Inequalities hold for sequences with diverging gaps.

Results apply to arbitrarily small observation intervals.

Applications demonstrated in Schrödinger equation observability.

Abstract

In this paper we show that, if an increasing sequence $\Lambda=(\lambda_k)_{k\in\mathbb{Z}}$ has gaps going to infinity $\lambda_{k+1}-\lambda_k\to +\infty$ when $k\to\pm\infty$, then for every $T>0$ and every sequence $(a_k)_{k\in\mathbb{Z}}$ and every $N\geq 1$, $$ A\sum_{k=0}^N\frac{|a_k|}{1+k}\leq\frac{1}{T}\int_{-T/2}^{T/2} \left|\sum_{k=0}^N a_k e^{2i\pi\lambda_k t}\right|\,\mbox{d}t$$ further, if $\sum_{k\in\mathbb{Z}}\dfrac{1}{1+|\lambda_k|}<+\infty$,$$ B\max_{|k|\leq N}|a_k|\leq\frac{1}{T}\int_{-T/2}^{T/2} \left|\sum_{k=-N}^N a_k e^{2i\pi\lambda_k t}\right|\,\mbox{d}t $$ where $A,B$ are constants that depend on $T$ and $\Lambda$ only.

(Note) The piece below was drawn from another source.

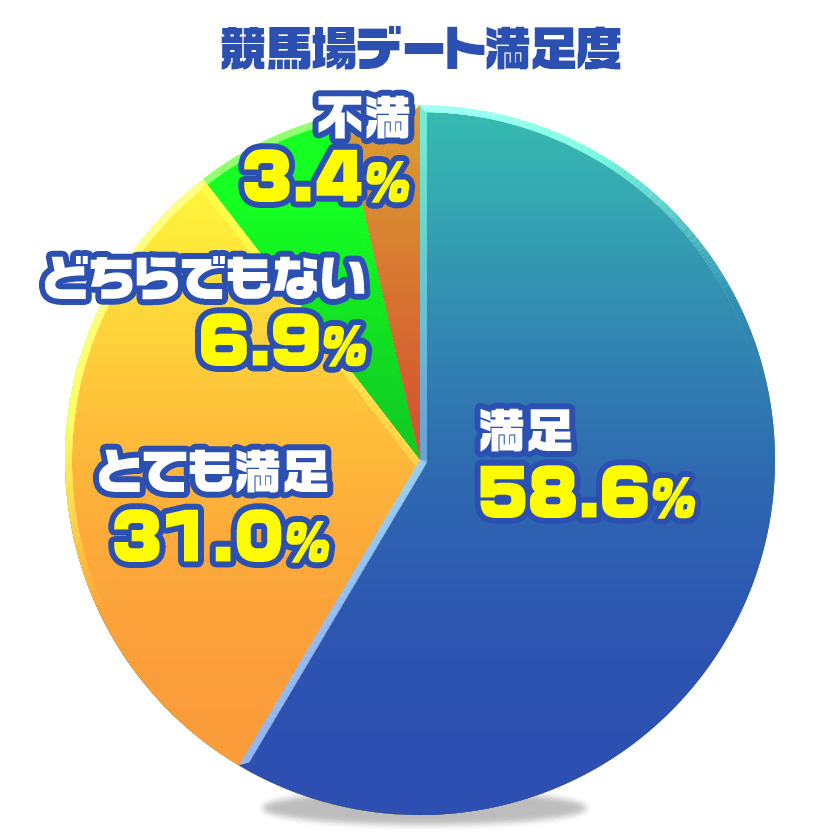 競馬デートの満足度を調査したところ、9割が満足したと回答していました。

The first inequality was obtained by Nazarov for $T>1$ and the second one by Ingham for $T\geq 1$ under the condition that $\lambda_{k+1}-\lambda_k\geq 1$. The main novelty is that if those gaps go to infinity, then $T$ can be taken arbitrarily small. The result is new even when the $\lambda_k$'s are integers where it extends a result of McGehee, Pigno and Smith. The results are then applied to observability of Schr\"odinger equations with moving sensors.